Webpack

We talked about frontend technologies like React & Redux, but they are not the only ones used in MapStore.

The magic glue that keeps everything together is Webpack which is a static module bundler for modern JavaScript applications. When Webpack processes your application, it internally builds a dependency graph which maps every module your project needs and generates one or more bundles.

Core Concepts

Entry

An entry point indicates which module Webpack should use to begin building out its internal dependency graph. Webpack will figure out which other modules and libraries that entry point depends on (directly and indirectly).

module.exports = {
  entry: './path/to/my/entry/file.js',
};

Output

The output property tells Webpack where to emit the bundles it creates and how to name these files.

const path = require('path');

module.exports = {
  entry: ...,
  output: {
    path: path.resolve(__dirname, 'dist'),
    filename: 'my-first-webpack.bundle.js',
  },
};

Loaders

Out of the box, webpack only understands JavaScript and JSON files. Loaders allow webpack to process other types of files and convert them into valid modules that can be consumed by your application and added to the dependency graph.

module.exports = {
  output: {
    filename: 'my-first-webpack.bundle.js',
  },
  module: {
    rules: [{ test: /\.txt$/, use: 'raw-loader' }],
  },
};

The configuration above has defined a rules property for a single module with two required properties: test and use.

Plugins

While loaders are used to transform certain types of modules, plugins can be leveraged to perform a wider range of tasks like bundle optimization, asset management and injection of environment variables.

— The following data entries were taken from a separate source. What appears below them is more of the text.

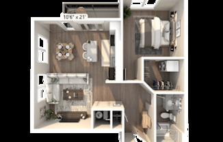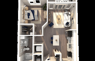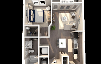 Studio, 1 bath, 677 sqft
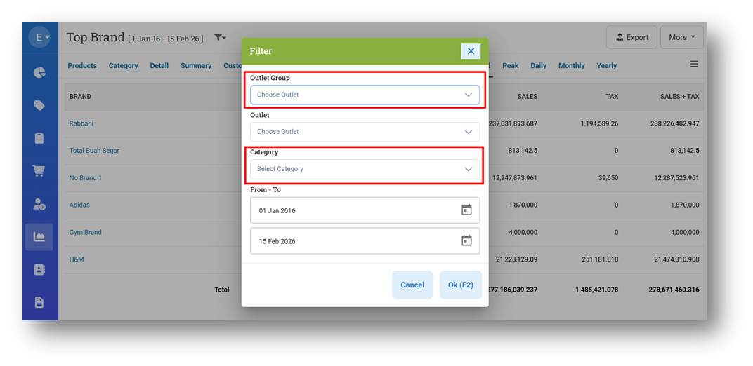 [Reports - Brand] Provide Filter Category & Outlet Group
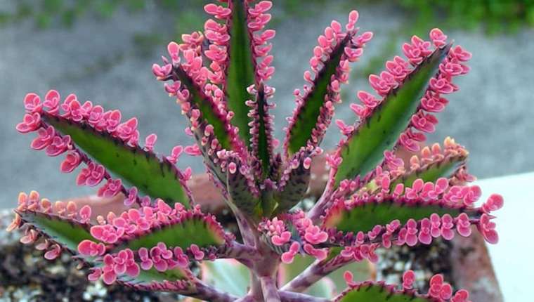 -Kalanchoe gastonis-bonnieri (Bryophyllum gastonis-bonnieri): Lleva este nombre en honor al botánico francés Gaston Bonnier. Esta planta tiene las hojas más grandes, popularmente llamada “Oreja de burro”. Los nombres populares varían según los países .
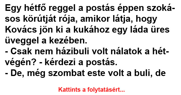 Egy hétfő reggel a postás éppen szokásos körútját rója, amikor látja, hogy Kovács jön ki a kukához egy láda üres üveggel a kezében. – Csak…
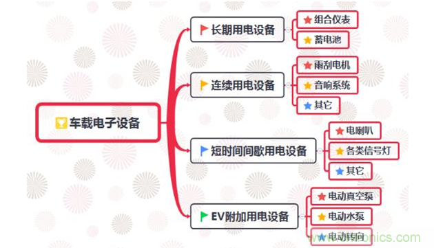 作為電動汽車的供電設備,DC/DC變換器也給車載電子設備供電。根據(jù)純電動汽車車載電子設備不同屬性,可把用電設備分為長期用電設備、連續(xù)用電設備、短時間間歇用電設備和EV附加用電設備等四種類型,如下圖所示。同時,DC/DC變換器的體積和種類都很小且輸出穩(wěn)定。
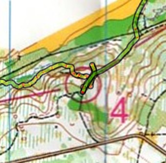A partir de là on progresse correctement, comptant les rentrant pour faire notre remontée vers le poste au bon moment. La montée se passe bien et en arrvant en haut on voit une balise mais que j'identifie comme étant sur un chemin. Du coup je dis à Jay qui voulait aller la voir que ça ne doit pas être la bonne et on continue a remonter jusqu'à une intersection de chemins. Là on va grenouiller un peu car on est monté rapidement et qu'on a perdu nos points de repère (la chose à ne pas faire). Du coup on commence a chercher, mais sans être trop sûr de notre coup.

const HtmlWebpackPlugin = require('html-webpack-plugin'); //installed via npm
const webpack = require('webpack'); //to access built-in plugins

module.exports = {
  module: {
    rules: [{ test: /\.txt$/, use: 'raw-loader' }],
  },
  plugins: [new HtmlWebpackPlugin({ template: './src/index.html' })],
};

In the example above, the html-webpack-plugin generates an HTML file for your application by injecting automatically all your generated bundles.

module.exports = {
  mode: 'production',
};

Mode

By setting the mode parameter to either development, production or none, you can enable webpack’s built-in optimizations that correspond to each environment. The default value is production.

Browser Compatibility

webpack supports all browsers that are ES5-compliant (IE8 and below are not supported). webpack needs Promise for import() and require.ensure(). If you want to support older browsers, you will need to load a polyfill before using these expressions

webpack 5 runs on Node.js version 10.13.0+.